Christopher Yoo, for example, argues that the government should not intervene and alter the status quo; government forbearance is the answer. Larry Lessig has also argued for maintaining the status quo, but he has argued that the end-to-end principle is what should be sustained. Yoo’s baseline is the network owners’ freedom from government regulation and Lessig’s baseline in users’ freedom from network owners’ discrimination. These conflicting claims of freedom give rise to the network neutrality debate but do not, in isolation, tell us how the debate should be resolved.

The “market versus government” argument is also particularly inappropriate in the telecommunications context because the market in question is not a competitive one, but one characterized by enormous economies of scale, long-term market power, and network effects.

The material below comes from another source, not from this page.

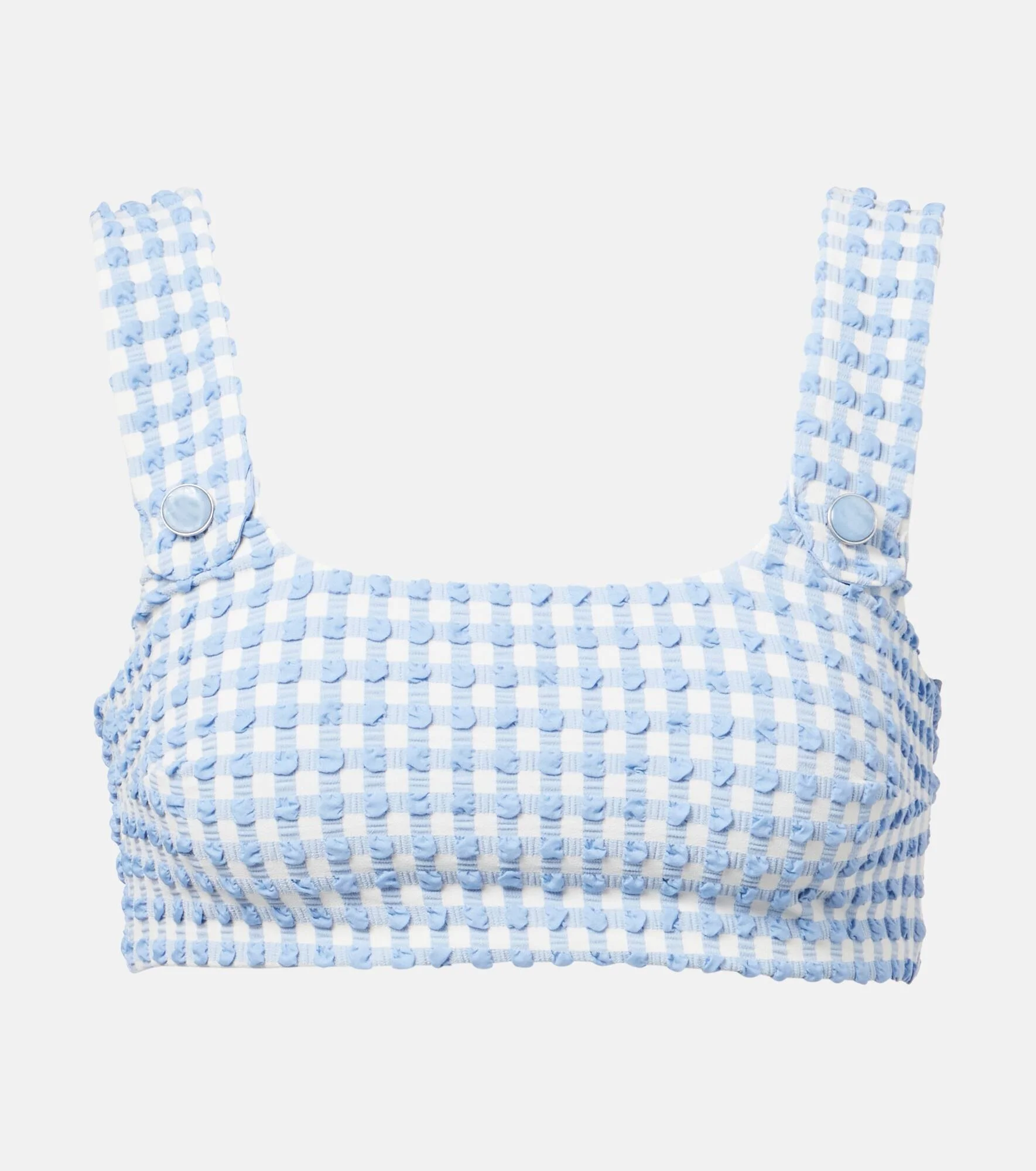 Taking inspiration from sculpture and architecture, Simkhai's impactful designs combine innovative construction with hand-detailing. The Ainsley bikini top features a gingham pattern all over and decorative buttons at the front. Product Details - Material: 93% polyester, 7% elastane - Care instructions: hand wash - Made in China - Designer color name: Blue Hydrangea Gingham - Item color: blue - Lining: 85% nylon (recycled), 15% elastane - Item number: P01053100 Size & Fit - True to size - Unpadded Top - The model seen in the picture is 178cm-5'10", cup size B, and wearing a size XS

Whatever the merits of a free market against government regulation – and we think they are generally great – they have little bearing on a choice between government and an unregulated monopolist not subject to the discipline of market forces.


3 thoughts on “Network Neutrality (not simply a question of market vs. government)”

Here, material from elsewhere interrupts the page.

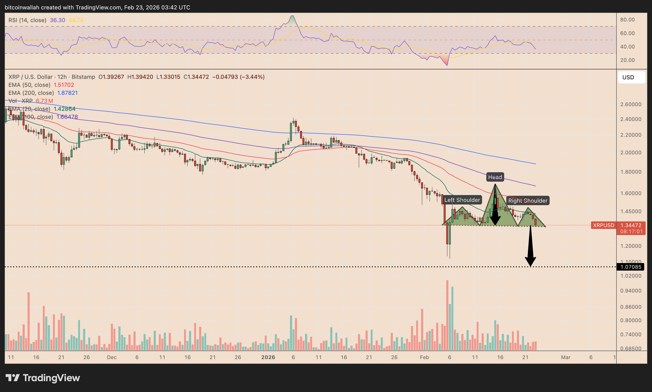 XRP has printed a head-and-shoulders topping pattern: a left shoulder near the mid-$1.40s, a head spike into the $1.60–$1.70 area, and a lower right shoulder.

  1. The fear that supporters of regulation keep repeating is the potential threat of ISPs blocking content or withholding all bandwidth from companies that don’t play by their rules. But if an ISP were to do this, its customers would leave in favor of a provider who uses their powers more responsibly. Is that not a “market” force, even though the consumer is really a third wheel in this battle between network operators and content providers? And if the alternative to allowing consumers’ right-to-choose is government regulation, then I think there is support for the contention that this is a free market vs. government issue.

  2. Brett Frischmann

    A few points. First, as I mentioned in the previous post and in other work, discrimination by network owners raises problems above and beyond blocking and withholding of bandwidth from companies that don’t play by the rules, and these problems are not cured by relying on competition to discipline infrastructure providers. (So I do believe there is a strong case for government regulation to alleviate a market failure that market forces alone will not solve.) But I do agree with you that a competitive market *might* (depending on, among other things, the degree of transparency for consumers to observe and react to irresponsible behavior) discipline ISPs that act in an anticompetitive manner or irresponsibly.

    Second, we are not really talking about a simple binary choice between allowing consumers to have a right to choose and government regulation. Sure, a nondiscrimination rule regulates the infrastructure access market (making it comparatively less “free”), but it sustains freedom in downstream markets for applications, content, innovation (making them comparatively more “free”). We can argue about this plenty, but ultimately, I think we end up with competing claims for freedom and/or free markets that cannot be settled by simple claims that one regime or the other best characterized as the “free market” alternative.

    Two more quick points: I think it is worth pointing out that a nondiscrimination rule does not preclude network owners from competing in downstream markets. And finally, as I mentioned in the post and develop in detail elsewhere, an Internet infrastructure commons built on nondiscrimination rules may be an attractive allocation mechanism precisely because it avoids individualized allocation by either market or government decision makers
    (i.e., on the basis of users’ willingness to pay or users’ ability to influence government decision makers).

  3. The point about government interference is still quite valid. The question must be asked about what sort of Pandora’s Box would be opened by government regulation? I think it is the wrong one and at the bottom is not hope like in the Greek myth.